SUJET ET CORRIGE DE L’EPREUVE DE STYLISTIQUE
CAPES SESSION 2002/2003
TEXTE
Mme de Chevreuse n’avait plus même de restes de beauté quand je l’ai connue. Je n’ai jamais vu
qu’elle en qui la vivacité suppléât le jugement. Elle lui donnait même assez souvent des ouvertures si
brillantes, qu’elles paraissaient comme des éclairs ; et si sages, qu’elles n’eussent pas étaient désavouées par
les plus grands hommes de tous les siècles. Ce mérite toutefois ne fut que d’occasion.
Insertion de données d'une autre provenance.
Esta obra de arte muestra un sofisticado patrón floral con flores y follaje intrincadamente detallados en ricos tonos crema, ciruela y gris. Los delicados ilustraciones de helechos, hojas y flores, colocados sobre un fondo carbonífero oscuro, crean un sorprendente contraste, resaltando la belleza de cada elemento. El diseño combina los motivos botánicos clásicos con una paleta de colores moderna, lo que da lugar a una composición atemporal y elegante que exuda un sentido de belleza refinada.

Si elle fût venue
dans un siècle il n’y eût point eu d’affaires, elle n’eût pas seulement imaginé qu’il n’y en pût avoir. Si
le prieur des chartreux lui eût plu, elle t été solitaire de bonne foi. M. de Lorraine, qui s’y attacha, la
jeta dans les affaires ; le duc de Buchinchan et le comte de Hollande l’y entretinrent ; M. de Châteauneuf
l’y amusa. Elle s’y abandonna, parce qu’elle s’abandonnait à tout ce qui plaisait à celui qu’elle aimait.
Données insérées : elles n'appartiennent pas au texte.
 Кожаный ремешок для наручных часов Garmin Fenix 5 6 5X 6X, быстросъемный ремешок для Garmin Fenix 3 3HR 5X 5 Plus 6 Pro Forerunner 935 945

Elle aimait sans choix, et purement parce qu’il fallait qu’elle aimât quelqu’un. Il n’était pas me difficile
de lui donner, de partie faite, un amant ; mais dès qu’elle l’avait pris, elle l’aimait uniquement et
fidèlement. Elle nous a avoué, à Mme de Rhodes et à moi, que par un caprice, ce disait-elle, de la fortune,
elle n’avait jamais aimé le mieux ce qu’elle avait estimé le plus, à la réserve toutefois, ajouta-t-elle, du
pauvre Buchinchan. Son dévouement à sa passion, que l’on pouvait dire éternel quoiqu’elle changeât
d’objet, n’empêchait pas qu’une mouche ne lui donnât quelquefois des distractions ; mais elle en revenait
toujours avec des emportements qui les faisaient trouver agréables. Jamais personne n’a fait moins
d’attention sur les périls, et jamais femme n’a eu plus de mépris pour les scrupules et pour les devoirs :
elle ne reconnaissait que celui de plaire à son amant.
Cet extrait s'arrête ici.